Dipinang adiknya, tapi dinikahi kakaknya. Loh!! Kok bisa? Terdengar konyol, tapi hal tersebut benar-benar terjadi pada Alisya Mahira. Gadis cantik berusia 22 tahun itu harus menelan pil pahit lantaran Abimanyu ~ calon suaminya jadi pengecut dan menghilang tepat di hari pernikahan.
Sebenarnya Alisya ikhlas, terlahir sebagai yatim piatu yang dibesarkan di panti asuhan tidak dapat membuatnya berharap lebih. Dia yang sadar siapa dirinya menyimpulkan jika Abimanyu memang hanya bercanda. Siapa sangka, di saat Alisya pasrah, Hudzaifah yang merupakan calon kakak iparnya justru menawarkan diri untuk menggantikan Abimanyu yang mendadak pergi.
*****
"Hanya sementara dan ini demi nama baikmu juga keluargaku. Setelah Abimanyu kembali, kamu bisa pergi jika mau, Alisya." ~ Hudzaifah Malik Abraham.
Follow ig : desh_puspita
******
Plagiat dan pencotek jauh-jauh!! Ingat Azab, terutama konten kreator YouTube yang gamodal (Maling naskah, dikasih suara lalu up seolah ini karyanya)
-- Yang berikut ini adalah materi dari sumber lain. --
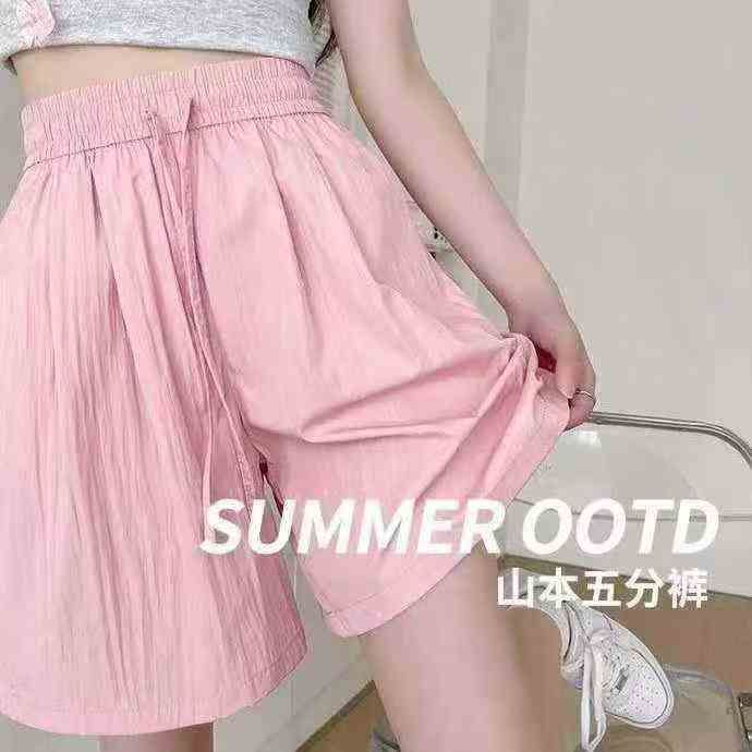 新款冰丝山本休闲短裤女夏季薄款韩版高腰运动直筒阔腿五分裤,数量151件,...

Karya ini diterbitkan atas izin NovelToon Desy Puspita, isi konten hanyalah pandangan pribadi pembuatnya, tidak mewakili NovelToon sendiri
BAB 05 - Sweet Dreame
"Bercanda, tidurlah ... kamu lelah 'kan?"
Belum sempat Alisya menjawab, Hudzai sudah lebih dulu meneruskan ucapannya. Bukan salah Alisya, tapi memang waktu antara Hudzai bertanya kemudian meneruskan ucapannya sangatlah dekat, nyaris tidak berjarak.
Alisya yang masih terkejut usai mendengar pertanyaan sang suami mendadak bingung sendiri. Jangankan hendak bicara banyak, tapi mendengar perintah Hudzai dia patuh begitu saja dan kembali merebahkan tubuhnya.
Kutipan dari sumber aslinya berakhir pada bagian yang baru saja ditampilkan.